§ WHAT NEEDS TO BE DONE:
No pictures in the copy, please: retype all the records exactly.

>>>>

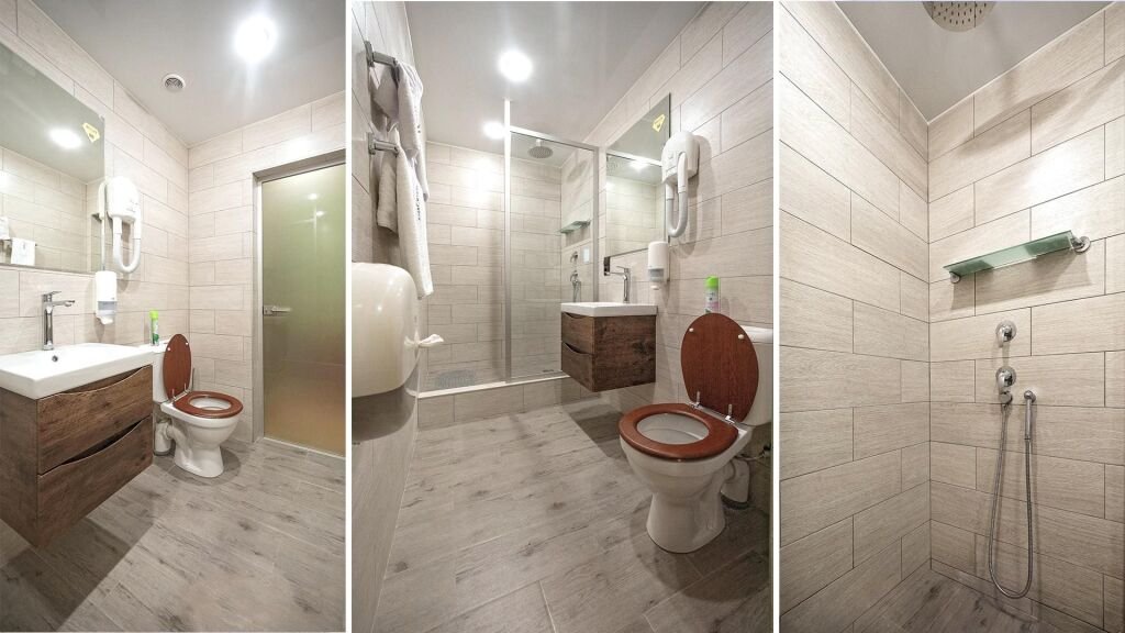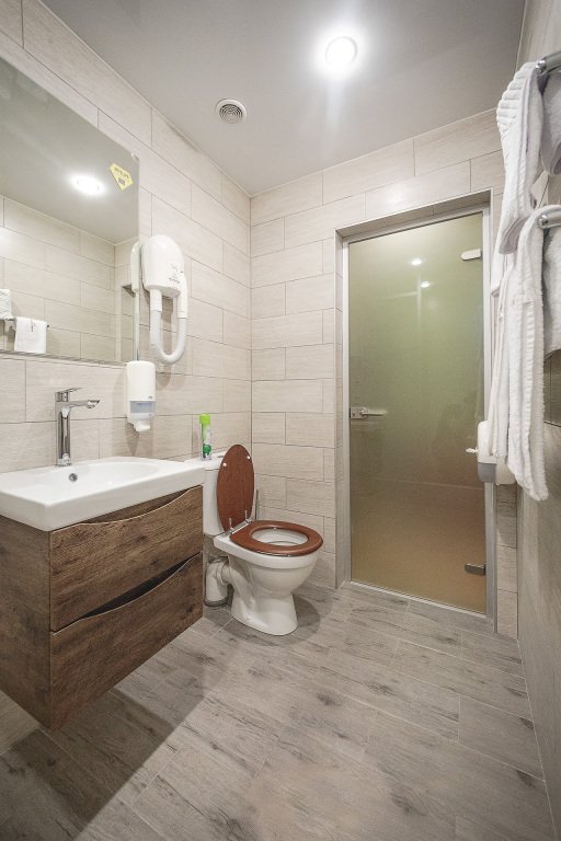 спутниковыми каналами, телефоном. В ванной комнате с душем предоставляются бесплатные туалетно-косметические принадлежности и фен. Кроме того, в номере имеются халаты и тапочки.
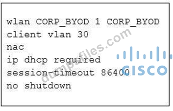 A network engineer must configure a WLAN on a Cisco IOS-XE controller to support corporate devices (using VLAN 30) and BYOD (using VLAN 40) on the same secure SSID. The security team has built an ISE deployment to be used for VLAN assignment and to restrict access based on policy and posture compliance.
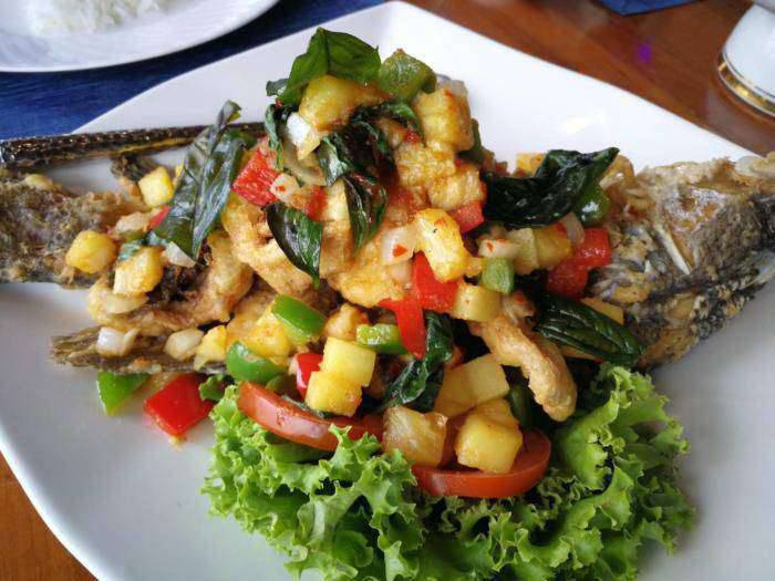 เซ็ทอาหารกลางวันแสนอร่อยวันนี้ ฝีมือ เชฟไรลา ไซหนิบ เช่นเคย ได้แก่ ไก่ห่อใบเตย ซุปหางวัว ปลากะพงสามรส แกงเผ็ดเป็ดย่าง ตบท้ายด้วยของหวาน บัวลอยไข่เค็ม (หวานน้อย)
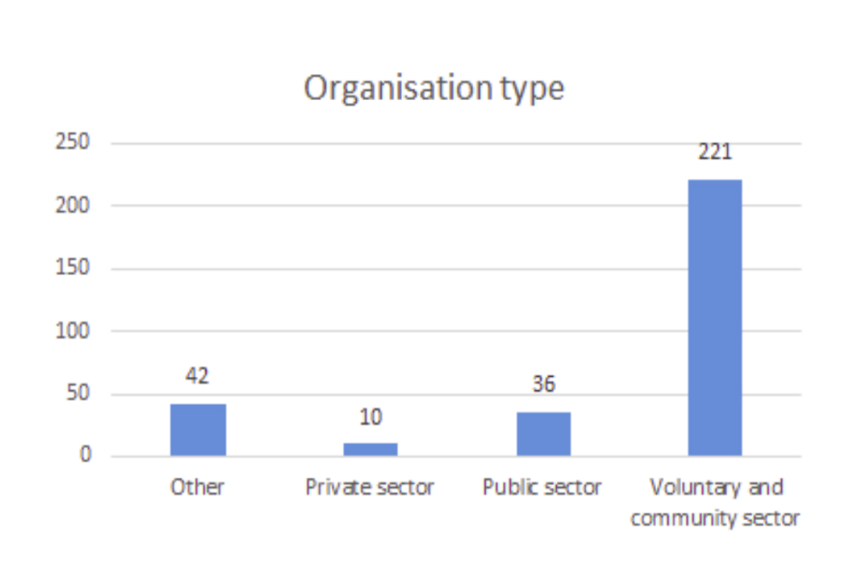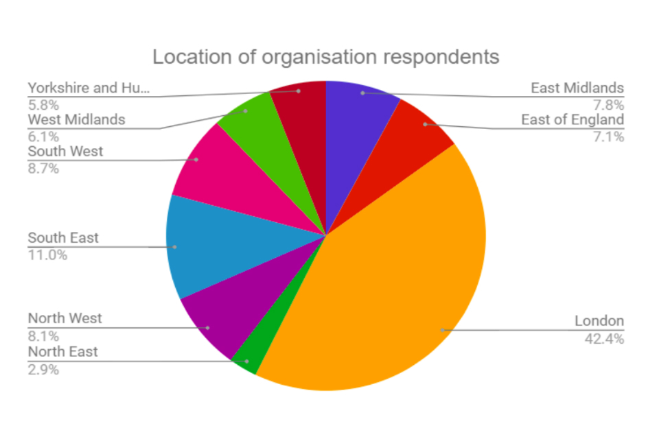 Most organisations who responded were from the voluntary and community sector (see figure 3). The location of organisations who responded covered the whole country, however, London had the most respondents (see figure 4).
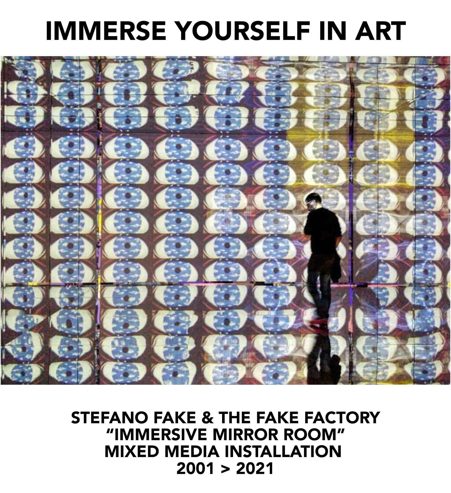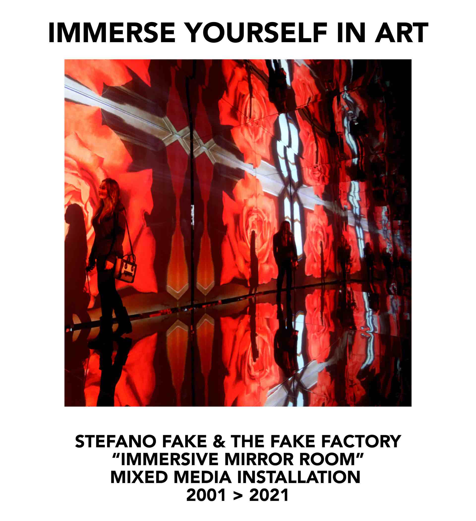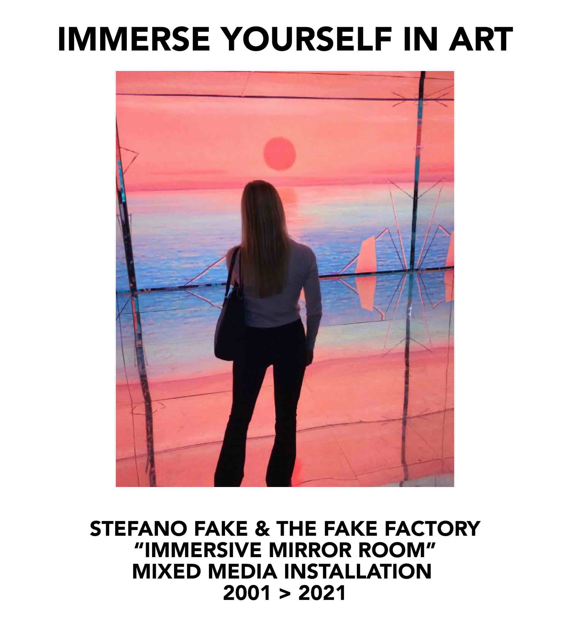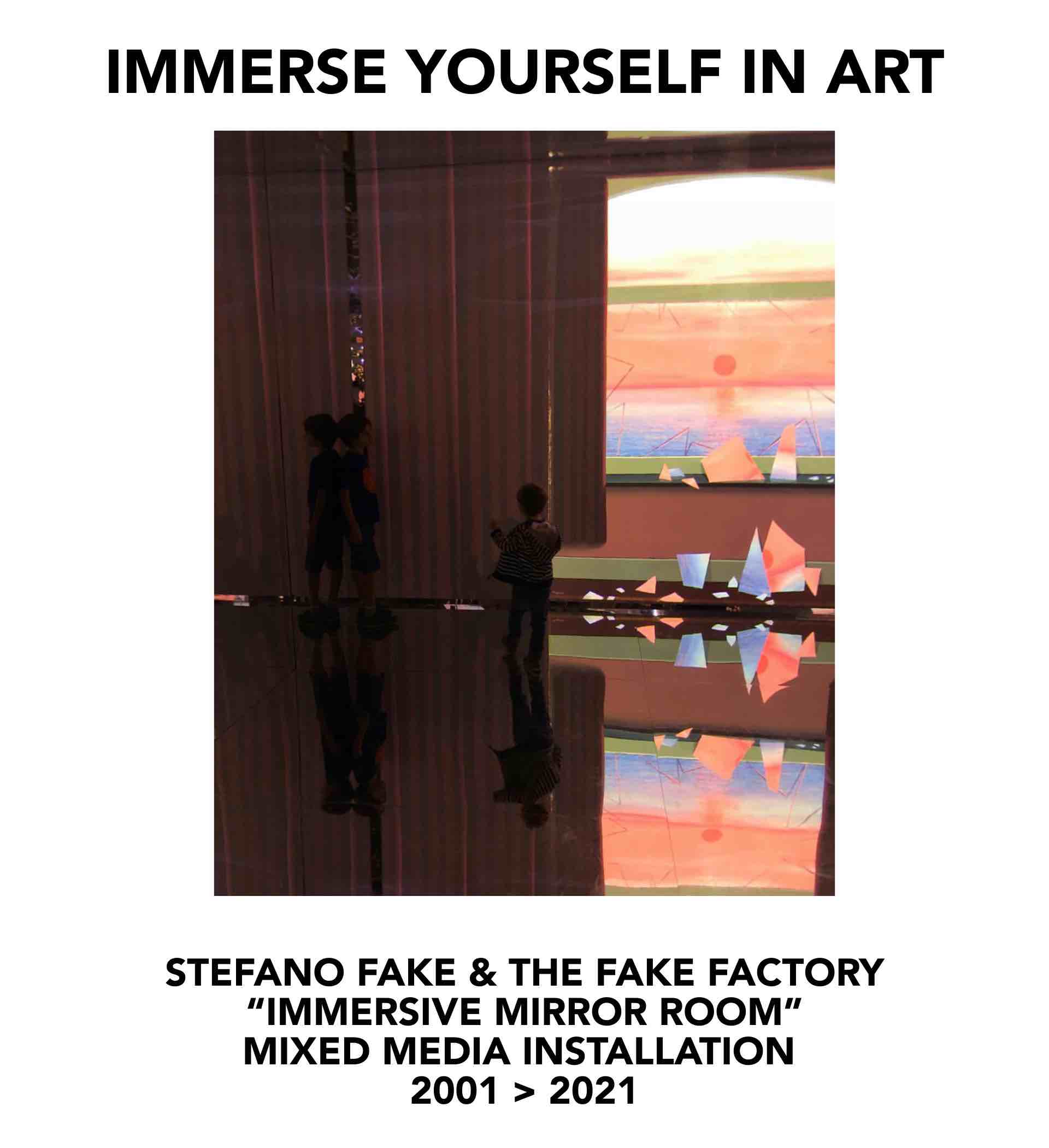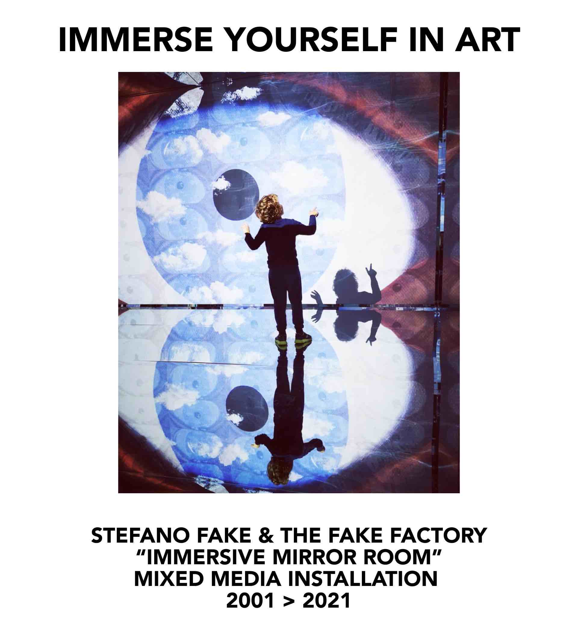 L’installazione “Immersive Mirror Room” è stata creata dall’artista italiano Stefano Fake nel 2001. Già nel 2001 ha iniziato a sviluppare stanze immersive, molto prima che il concetto diventasse una tendenza globale. Le sue immersive mirror rooms hanno attratto milioni di visitatori nel corso degli anni, contribuendo a definire il linguaggio dell’arte digitale e immersiva. Questa innovativa opera d’arte è stata esposta in varie forme sia in Italia che a livello internazionale, all’interno di festival, eventi e mostre innovative. Dal 2001 ad oggi, milioni di persone hanno visitato le immersive mirror rooms create da Stefano Fake & The Fake Factory.
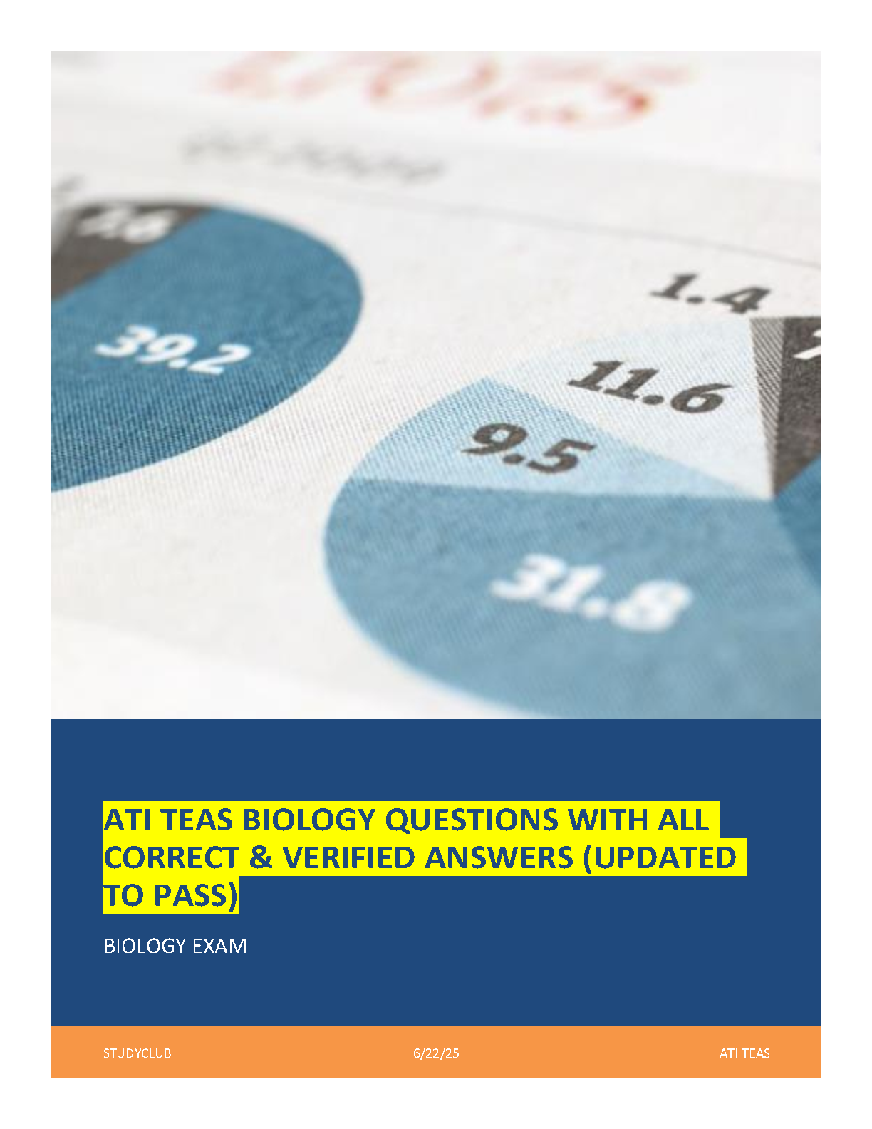 Ace the Biology section of the ATI TEAS 7 exam with our newly updated 2025-2026 test bank. This essential study guide provides a comprehensive collection of practice questions, complete with 100% correct and verified answers. Designed to mirror the actual exam format, this resource will help you master key biological concepts, boost your confidence, and ensure you pass on your very first attempt. Avoid the stress of resits and secure your spot in nursing school with this ultimate preparation tool.

<<<<

§ FINISHED EXERCISE:
 спутниковыми каналами, телефоном. В ванной комнате с душем предоставляются бесплатные туалетно-косметические принадлежности и фен. Кроме того, в номере имеются халаты и тапочки.
 A network engineer must configure a WLAN on a Cisco IOS-XE controller to support corporate devices (using VLAN 30) and BYOD (using VLAN 40) on the same secure SSID. The security team has built an ISE deployment to be used for VLAN assignment and to restrict access based on policy and posture compliance.
 เซ็ทอาหารกลางวันแสนอร่อยวันนี้ ฝีมือ เชฟไรลา ไซหนิบ เช่นเคย ได้แก่ ไก่ห่อใบเตย ซุปหางวัว ปลากะพงสามรส แกงเผ็ดเป็ดย่าง ตบท้ายด้วยของหวาน บัวลอยไข่เค็ม (หวานน้อย)
 Most organisations who responded were from the voluntary and community sector (see figure 3). The location of organisations who responded covered the whole country, however, London had the most respondents (see figure 4).
 L’installazione “Immersive Mirror Room” è stata creata dall’artista italiano Stefano Fake nel 2001. Già nel 2001 ha iniziato a sviluppare stanze immersive, molto prima che il concetto diventasse una tendenza globale. Le sue immersive mirror rooms hanno attratto milioni di visitatori nel corso degli anni, contribuendo a definire il linguaggio dell’arte digitale e immersiva. Questa innovativa opera d’arte è stata esposta in varie forme sia in Italia che a livello internazionale, all’interno di festival, eventi e mostre innovative. Dal 2001 ad oggi, milioni di persone hanno visitato le immersive mirror rooms create da Stefano Fake & The Fake Factory.
 Ace the Biology section of the ATI TEAS 7 exam with our newly updated 2025-2026 test bank. This essential study guide provides a comprehensive collection of practice questions, complete with 100% correct and verified answers. Designed to mirror the actual exam format, this resource will help you master key biological concepts, boost your confidence, and ensure you pass on your very first attempt. Avoid the stress of resits and secure your spot in nursing school with this ultimate preparation tool.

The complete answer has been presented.